William Lundigan and Peggie Castle star in the 1954 feature film The White Orchid, an adventure movie that starts off spinning its wheels a little, yet finishes strongly. As far as movies go about jungle expeditions, you would certainly expect to see a little danger and excitement, maybe the appearance of a creature or two among other things on the trip. There are certain standards that most incorporate into a film such as this to make it successful and while this movie had a few of them, it decided to take a bit of a different route. It was not necessarily the wrong one, but instead of focusing on the action, the focus was on the relationship between the two leads and the introduction of a love triangle to complicate it all. Being more melodrama than anything else is not a bad thing, it was simply surprising as you would naturally assume one thing, only to get another.
Lundigan is an archaeologist in the film and he is tasked with finding an ancient Mexican city. To his despair, he is saddled with a woman photographer who he believes will only slow him down and cause no end of trouble. So it is that Kathryn as played by Castle has to prove herself to Lundigan’s character Burton and while she eventually does so, the moment their guide Juan enters the picture, complicates things to no end because Burton is starting to fall in love with Kathryn. Eventually, the three reach the village where Kathryn is about to be sacrificed by the natives and it is only through the self-sacrifice of another, that they live to see another day.
On the plus side, the characters are fleshed out quite well for the viewer and you get to know them and their personalities. Lundigan is a little wooden in his performance at times and the chemistry between him and Castle was not as great as it should have been, especially considering that the bulk of the movie was centered on their relationship, as volatile as it seemed to be at times. Castle herself was quite spirited in the role and along with Armando Silvestre, managed to carry the slack left in Lundigan’s wake. In fact, the picture only becomes more interesting once Silvestre is introduced and from there, really begins to take off.
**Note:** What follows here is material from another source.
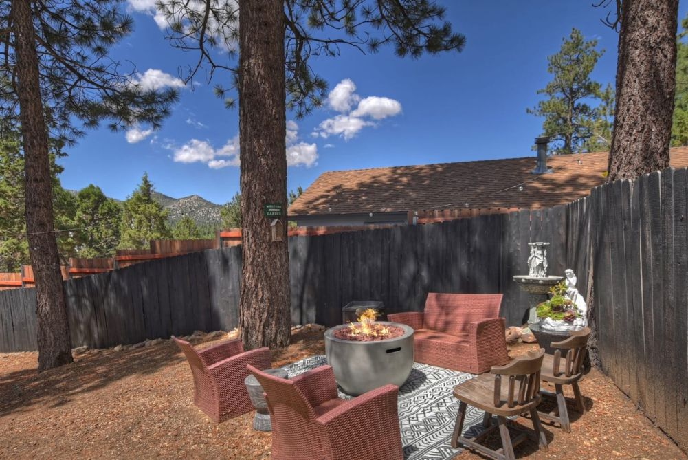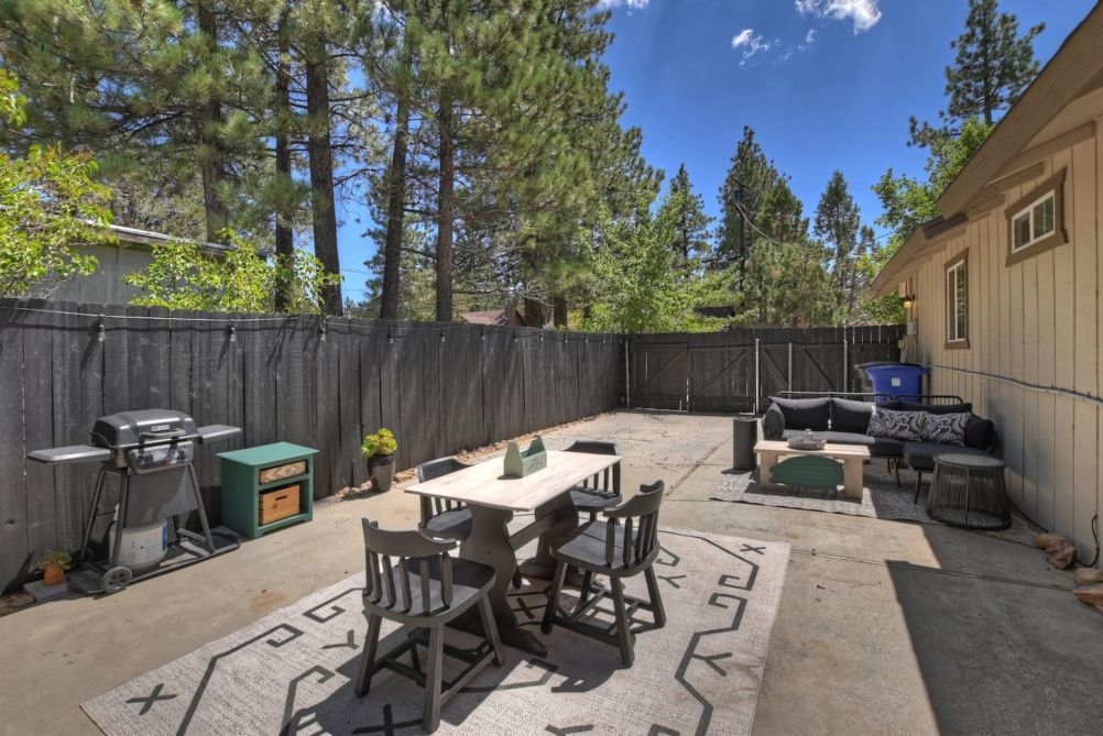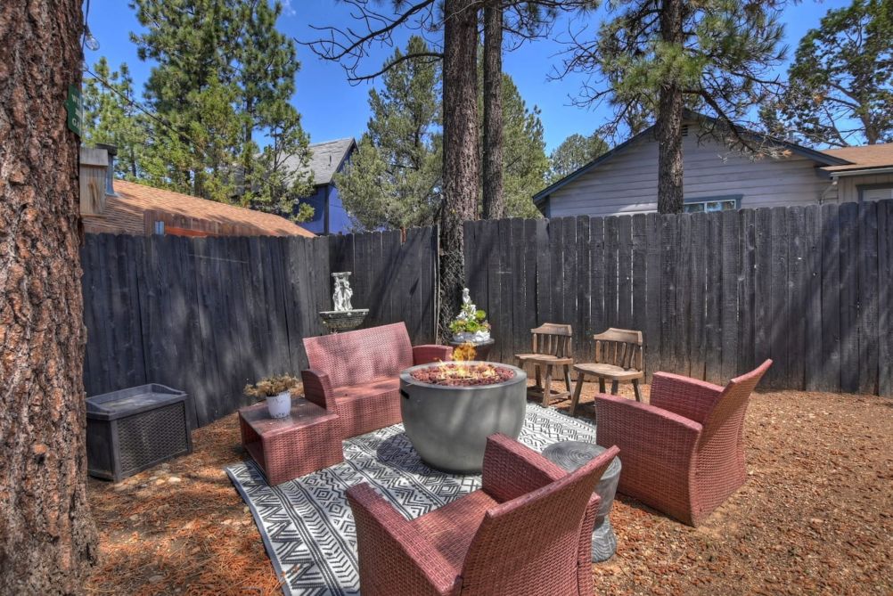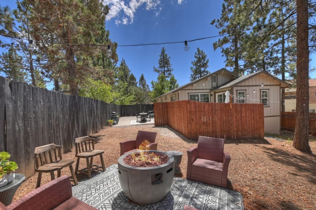 Outside, the spacious backyard invites you to unwind and enjoy the stunning surroundings. Soak in the hot tub under the starry sky, gather around the fire pit with string lights for a cozy evening, or relax in the outdoor seating area and bask in the sun. In the winter, the property offers on-site snow play for kids, while in the warmer months, it transforms into the perfect spot for outdoor games and relaxation.

There is no terror or horror present and very little danger except for the finale of the film where leading lady Castle is about to lose her life in ritual sacrifice and it is a bit of a shame, as the movie could have featured a few more thrills and chills during the trek to the fabled city. The surroundings are beautiful and the cinematography was well done, providing enough eye candy for those moments where the film tended to lag and thus another reason to pepper in some jeopardy as it would have been completely unexpected. Still, The White Orchid was entertaining enough that you did not feel as if your time was wasted. It could have been better, but then the same can be said of almost everything in life.